- REQUIRED WORK -
Would you repeat word for word the lines of the listing that follows, from the one with "本次绩效考核由文化和旅游部、" up to and including the one with "Her ever growing", and leave out the images?
+++
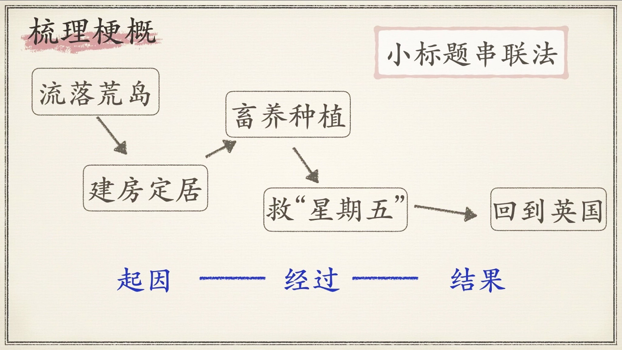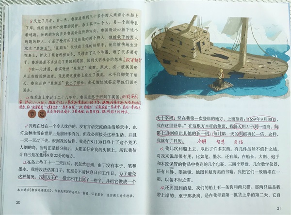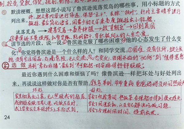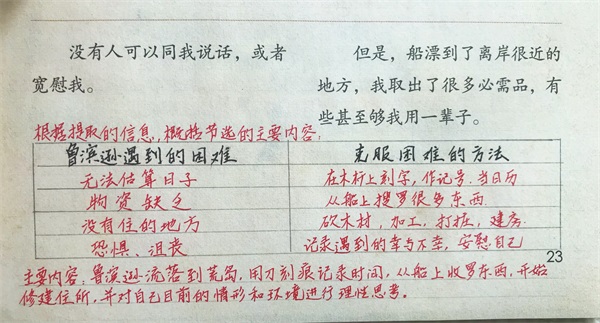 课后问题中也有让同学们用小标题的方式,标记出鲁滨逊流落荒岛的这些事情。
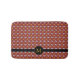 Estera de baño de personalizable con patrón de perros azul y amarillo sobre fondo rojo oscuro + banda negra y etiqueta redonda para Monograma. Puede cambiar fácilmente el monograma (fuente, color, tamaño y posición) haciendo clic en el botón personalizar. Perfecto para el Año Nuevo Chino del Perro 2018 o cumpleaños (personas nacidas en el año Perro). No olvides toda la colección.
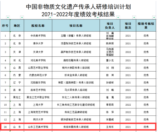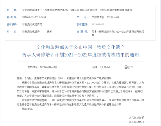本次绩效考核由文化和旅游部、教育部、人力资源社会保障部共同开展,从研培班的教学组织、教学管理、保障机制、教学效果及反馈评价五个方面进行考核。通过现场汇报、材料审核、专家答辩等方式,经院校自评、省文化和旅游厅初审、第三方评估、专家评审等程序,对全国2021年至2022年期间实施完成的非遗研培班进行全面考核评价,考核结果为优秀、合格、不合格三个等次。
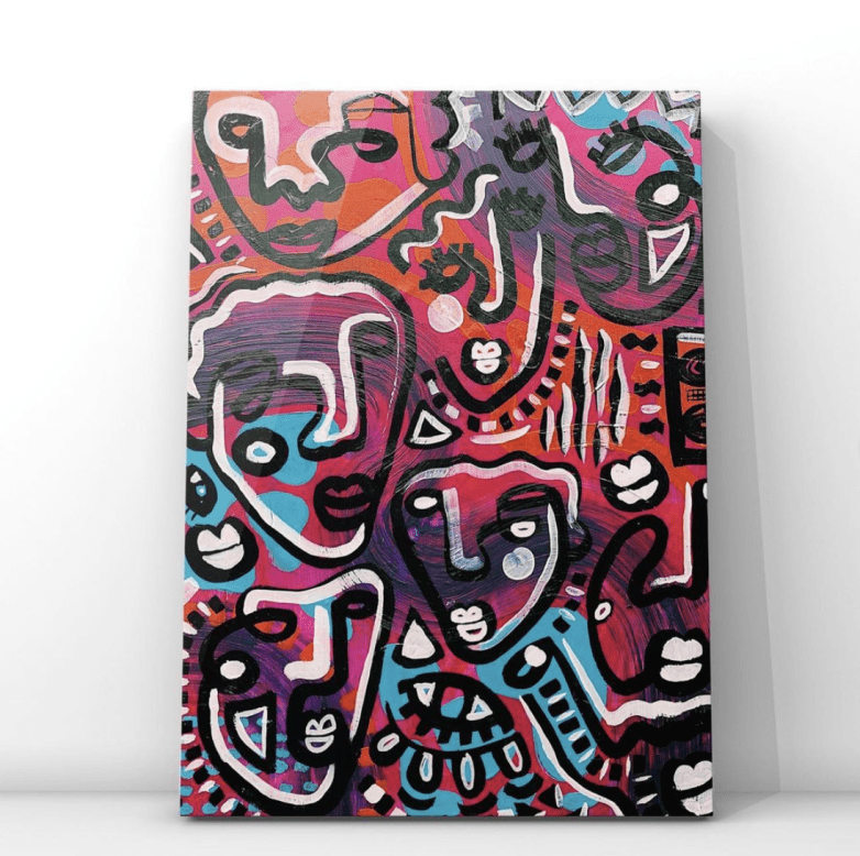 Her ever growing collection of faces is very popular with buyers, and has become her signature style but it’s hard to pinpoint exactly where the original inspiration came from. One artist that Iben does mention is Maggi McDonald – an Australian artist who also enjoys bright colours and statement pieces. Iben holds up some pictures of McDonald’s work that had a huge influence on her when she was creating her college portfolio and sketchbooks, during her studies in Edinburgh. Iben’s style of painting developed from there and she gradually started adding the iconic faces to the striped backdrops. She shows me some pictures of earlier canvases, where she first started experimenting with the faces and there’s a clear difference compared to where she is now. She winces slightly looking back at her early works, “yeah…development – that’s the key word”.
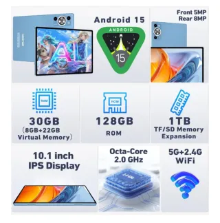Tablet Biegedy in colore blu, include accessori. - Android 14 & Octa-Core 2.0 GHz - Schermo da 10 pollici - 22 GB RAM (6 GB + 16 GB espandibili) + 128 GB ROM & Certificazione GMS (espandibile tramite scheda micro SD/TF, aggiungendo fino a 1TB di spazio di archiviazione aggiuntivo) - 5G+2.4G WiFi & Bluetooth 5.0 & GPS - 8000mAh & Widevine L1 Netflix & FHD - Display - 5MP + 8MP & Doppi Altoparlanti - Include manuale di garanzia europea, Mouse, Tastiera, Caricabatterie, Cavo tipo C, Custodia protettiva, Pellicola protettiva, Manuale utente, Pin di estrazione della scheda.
+++
- TASK OUTPUT -
本次绩效考核由文化和旅游部、教育部、人力资源社会保障部共同开展,从研培班的教学组织、教学管理、保障机制、教学效果及反馈评价五个方面进行考核。通过现场汇报、材料审核、专家答辩等方式,经院校自评、省文化和旅游厅初审、第三方评估、专家评审等程序,对全国2021年至2022年期间实施完成的非遗研培班进行全面考核评价,考核结果为优秀、合格、不合格三个等次。
 Her ever growing collection of faces is very popular with buyers, and has become her signature style but it’s hard to pinpoint exactly where the original inspiration came from. One artist that Iben does mention is Maggi McDonald – an Australian artist who also enjoys bright colours and statement pieces. Iben holds up some pictures of McDonald’s work that had a huge influence on her when she was creating her college portfolio and sketchbooks, during her studies in Edinburgh. Iben’s style of painting developed from there and she gradually started adding the iconic faces to the striped backdrops. She shows me some pictures of earlier canvases, where she first started experimenting with the faces and there’s a clear difference compared to where she is now. She winces slightly looking back at her early works, “yeah…development – that’s the key word”.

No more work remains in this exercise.